Ten years after his death, Harambe the gorilla has received an unexpected tribute from the White House. The post, shared on social media, described the animal as a 'true patriot' and an 'icon that became part of internet history, American culture, and an entire generation’s timeline'.
Harambe was shot dead on 28 May 2016 after a four-year-old boy climbed through a barrier and fell into his enclosure at Cincinnati Zoo in Ohio. The incident sparked global outrage, with some witnesses claiming Harambe was acting protectively over the child. The boy's parents, Michelle Gregg and Deonne Dickerson, even received death threats following the gorilla's death.

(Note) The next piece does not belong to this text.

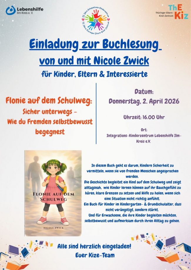 Buchlesung „Flonie auf dem Schulweg“ Und darum gehts: Um Kinder auf dem Schulweg gegenüber Fremden stark zu machen und ihnen ein gutes Sicherheitsgefühl zu vermitteln, hat die Autorin Nicole Zweck…
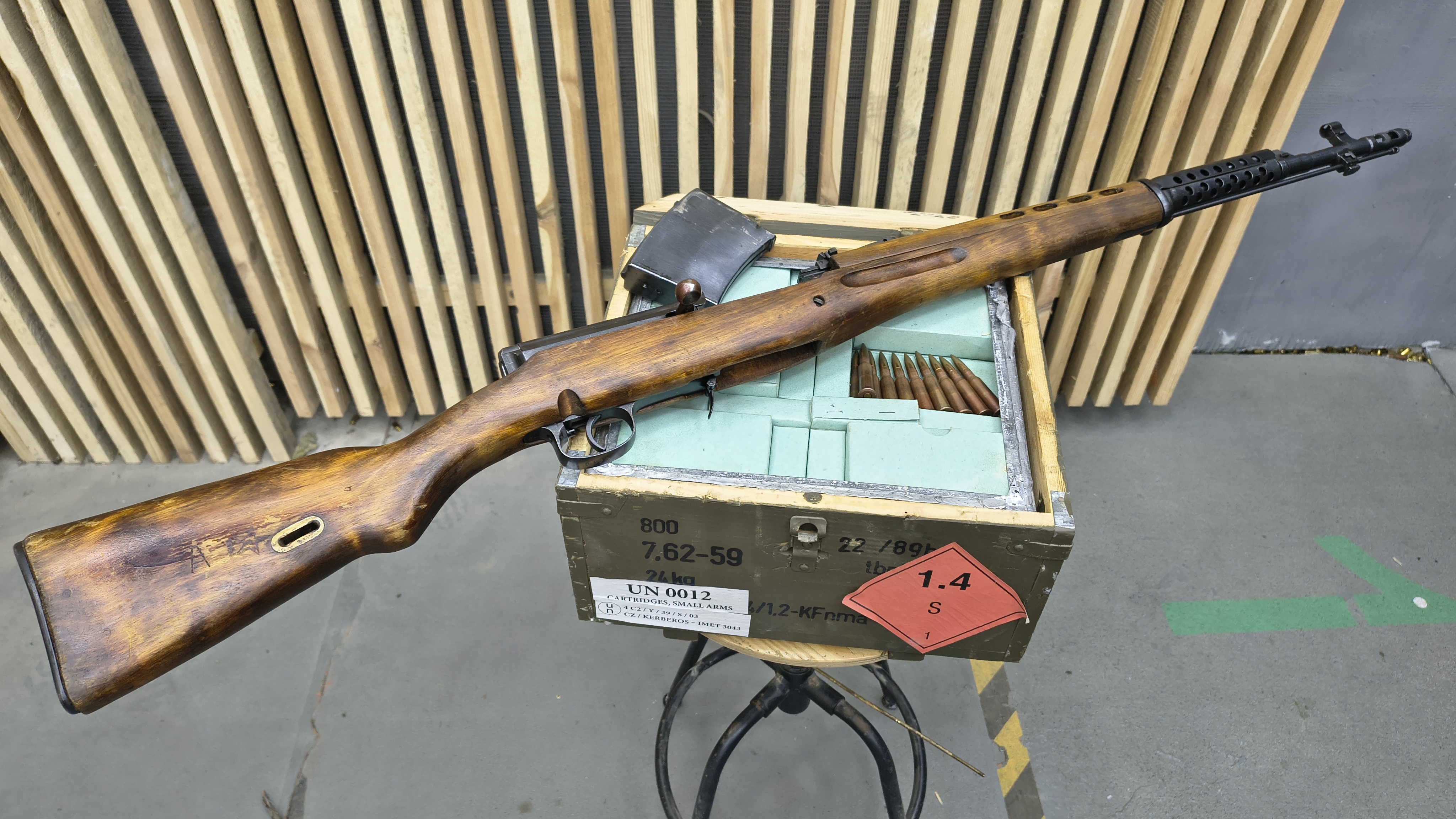 Oferta świąteczna obejmuje 800 szt. amunicji w zestawie (-2500zł). Broń używana, sprawna w 100%. Broń w stanie bardzo dobrym. Osada w oryginalnym stanie, nienaprawiana i niemalowana. Oksyda oryginalna. Produkcja Iżewsk, 1944 rok, zgodna numerycznie, brak pęknięć lub innych ubytków na osadzie. Broń przerobiona na semi-auto. Karabin SWT-40 to radziecki karabin samopowtarzalny skonstruowany na przełomie lat 30 i 40 XX w. przez Fiodora Tokariewa. Stan lufy jest bardzo dobry. Broń po przeglądzie rusznikarskim, przestrzeliwana na strzelnicy. Dane techniczne broni: – kaliber: 7.62x54mmR – rok produkcji: 1944r. – długość całkowita: 1226mm – długość lufy: 635mm – waga: 3900g

Despite the controversy, animal experts defended the zoo's decision to shoot rather than tranquilise the animal, citing similar incidents in 1986 and 1996 where gorillas acted protectively towards children who entered their enclosures. Jerry Stones, who raised Harambe from birth, described losing him as 'like losing a member of the family', but acknowledged the child was in danger.
A decade on, Harambe remains a pop culture icon, remembered with candle vigils as far afield as London’s Hyde Park. The White House tribute noted that he 'became a symbol of loyalty, strength, chaos, unity, and the strange beauty of the internet, bringing millions of people together for one cause: never forgetting Harambe'.